The race for the Premier League’s golden boot, a trophy presented annually to the league’s top scorer, is currently spearheaded by five Premier League stars. Sergio Agüero holds a slim lead with 18 goals, while Mohamed Salah, Pierre-Emerick Aubameyang, Harry Kane and Sadio Mané follow, all on 17 goals respectively. At the start of the season, this might have surprised a few people, particularly in the case of Mohammed Salah; however, Altaie argues that his performance since his “slow” start of just three goals by mid-October shows how AI can now be more trustworthy than the ‘gut instinct’ many armchair pundits still rely upon.

“When Mo Salah scored a record breaking 32 goals to become Premier League top scorer of the 2017/18 season, expectations were high for him... However, when he only scored 3 goals in 8 games… many described him as a “one-season wonder”... Using SAS for visualization in SAS Visual Analytics, we were able to look at the xG metric. Salah was leading the league with expected goals, yet he wasn’t anywhere near the top scorers, where 8 players had scored more than him, suggesting he was merely underperforming (or, unlucky) rather than in decline."

Jamie Vardy goals vs xg 2018/19

Fast-forward four months and another 17 league games, and Salah now sits as one of a gathering of four Premier League scorers on 17 goals. With Liverpool’s talisman now much more aligned to his expected goals, this suggests that underlying performances may well signify more than just the output, over the long run. 

At the other end of the spectrum, Leicester City striker Jamie Vardy shows how xG can anticipate a drop off in performance to reveal the true value of recruiting a certain player to a team’s squad. Vardy finished the 2017/2018 Premier League season with an impressive 20 goals – only four fewer than the 2015/16 season when he famously helped Leicester win the league – but his numbers suggested this was unlikely to be workable the following season.

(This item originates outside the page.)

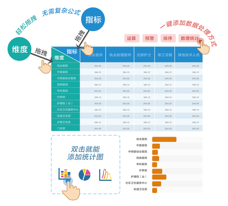 完全面向業(yè)務(wù)人員,充分理解當(dāng)下業(yè)務(wù)人員渴求自主探索數(shù)據(jù)的心情,只需要簡單的鼠標(biāo)拖拽維度和指標(biāo),即可快速生成圖表。點選式數(shù)據(jù)預(yù)處理,智能的圖表推薦,全程無需編寫表達(dá)式,零學(xué)習(xí)成本,一分鐘上手。敏捷看板中不僅內(nèi)置多種數(shù)據(jù)統(tǒng)計函數(shù),如:求和,最大值,排名,同比、環(huán)比、上期等,而且支持自定義維度和指標(biāo),兩者可以一鍵切換,靈活簡便的分析方式,方便用戶進(jìn)行猜想式、求證式的數(shù)據(jù)探索。

“[Last season, Vardy] outperformed his xG by nearly 5 goals!” explained Altaie. “xG suggests that a trend like this isn’t sustainable over a long period, despite consistently keeping this up through a 38-game season. If we have a look at this season’s numbers so far below, we see the reverse is true. So the effect of combining this with last season (and extending the sample size), is that that we revert more to the norm of xG equals actual goals.”

Nobody’s perfect

It is important to note that the xG system still has blind spots which it cannot anticipate. While it has the potential to open a whole new world where data can now tell a story, beyond just ‘reporting’ on the game, some variables will always remain. That mean players can still buck the trend to either outperform or miss their xG predictions.

Altaie explained, “Scoring goals is a skill, and while one could rightfully argue that getting into scoring positions is more important than the finish, it’s still possible for one player to be better than others in putting the ball in the back of the net… Anyone who’s ever watched or played football knows that it is the most open game with more unique possibilities than any other sport (which could perhaps be a reason why it’s behind on ‘useful’ analytics compared to other team sports). It means only accommodating several variables does not tell the full story… and perhaps we will never be able to fully accurately calculate those.”

Despite these limitations, however, Altaie expects that football will soon catch up with the rest of the sporting world in terms of analytics with xG. He added that he believes it will allow teams and fans to scout up-and-coming talent, and see if they’re over performing or the real deal, while in the future the analytics on offer will be reliable enough for coaches to alter tactics to focus on chance creation over the long run, as opposed to focusing purely on the next result.

The Data Scientist concluded, “Finally, it will allow us to open a new chapter in football analytics, where the use of AI can play a valuable role, as it’s already doing with SciSports. The Dutch sports analytics company gives a ‘quality’ rating to each individual player using model based mathematical algorithms, based on the contribution of a player to the teams result, all in real-time.”